But what if I treated the data more as it was now beginning to look to me: as textual markup? Looking at the problem this way revealed new possibilities. I began to think of a solution that would recognize and match the patterns inherent in the data instead of attempting to deconstruct and then reconstruct the data based upon the rules on which it had been built.
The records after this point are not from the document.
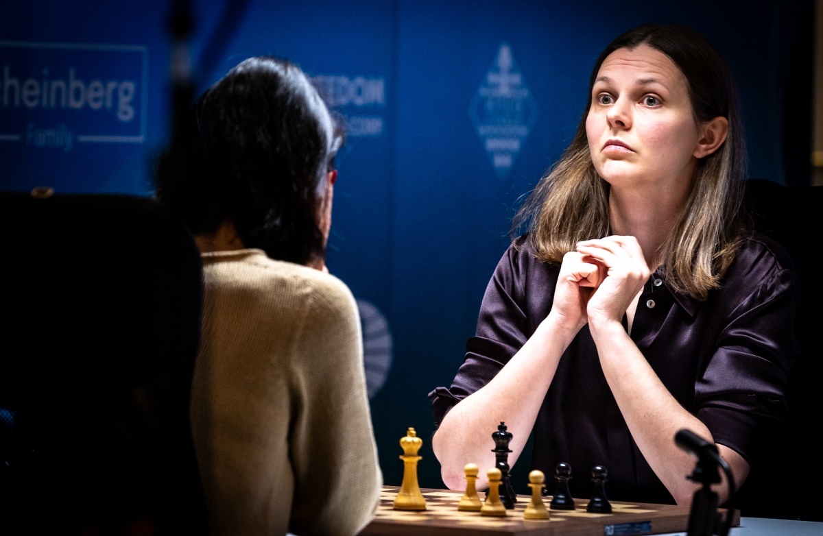 The other three games also ended in draws. Kateryna Lagno and Anna Muzychuk have played many games against each other, with Muzychuk holding a slight plus score in their head-to-head. This time, Anna switched from the Grünfeld Defence to a Queen’s Indian / Bogo-Indian hybrid.
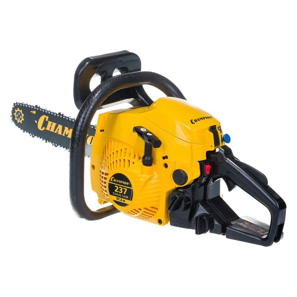 Бензопила Champion 237-16 предназначена для использования в домашнем или приусадебном хозяйстве в таких общих областях применения, как расчистка зарослей кустарника, обрезка ветвей, распиливание дров и т. д. За обеспечение безопасности отвечают уловитель и тормоз цепи, снижающие вероятность травмы оператора при отскоке инструмента или обрыве цепи. При выполнении натяжения цепи исключен контакт с острой цепью пилы.
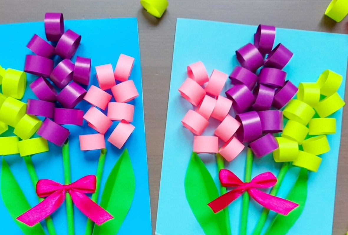 - Разложите из этих кружочков на картонной основе три цветка — это могут быть тюльпаны, розы, гиацинты или любые другие цветы. Когда результат понравится, приклейте заготовки.
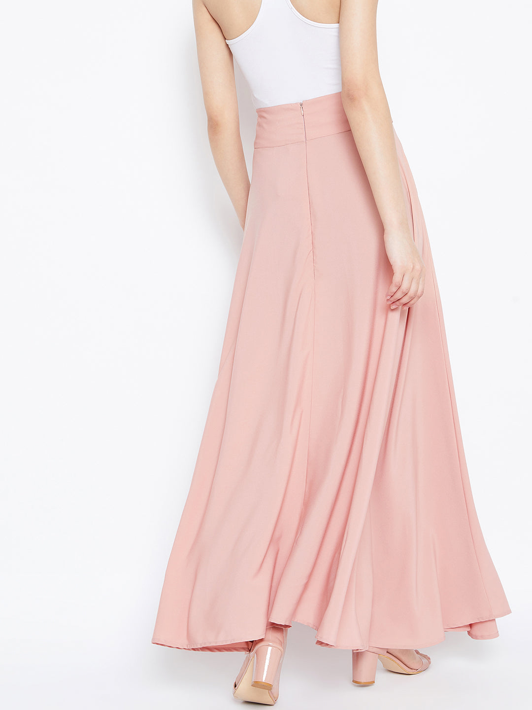Define the beauty of your party style with this Solid Pink Waist Tie-Up Flared Maxi Skirt from Berrylush. A pastel pink shade with a default supple element percolate into this outfit and provides all-day comfort with this apparel. The smooth texture of the polyester fabric undoubtedly sustains the relaxing style statement for long hours. Fascinating waistband with bow tie knot depicts this maxi skirt as the best modish wear option. The flared hemline perfectly handles your bouncy tale of style & glamour. Pair this amazing skirt with heeled stilettos, an embellished sling bag, and metallic jewellery for a gorgeous look. Give your party wear a chic charm with the style check of Berrylush.
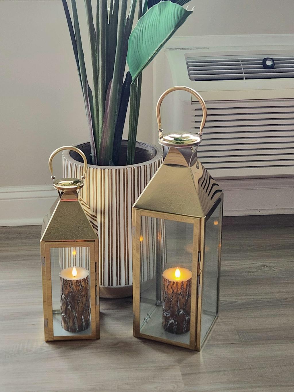 These Soho-style lanterns will turn heads on any occasion. They're perfect for weddings and events with black or white-and-gold color schemes. Pairing gold lanterns with black pillar candles or white square candles adds depth and symmetry. The white candles blend with the lantern's shape and add a soft, warm glow, while the black elongated candles add contrast for an eye-catching visual allure.

Finally, to ensure that I did not repeat my earlier mistake of coding to a data set that was too limited, I employed a more systematic workflow (Figure 2):

1. I created a script that would apply my title extraction routine to each 245 in the entire batch of MARC records for the collection and output the results in a text file for me to examine. I also created a script that would apply the same routine to a single title that I defined within the script (for testing and developing).
2. I ran the batch conversion script on the entire MARC record store. The script generated a plain text file containing each converted title.
3. I looked through the output to find the next title that did not convert correctly.
4. I looked up the 245 in a human-readable version of the MARC record store.
5. I used the new 245 as my test case and rewrote or tweaked my code until that 245 converted to an acceptable-looking title without breaking my previous test cases.
6. I repeated steps 2 through 5 until I could find no more titles in the batch output that looked incorrect.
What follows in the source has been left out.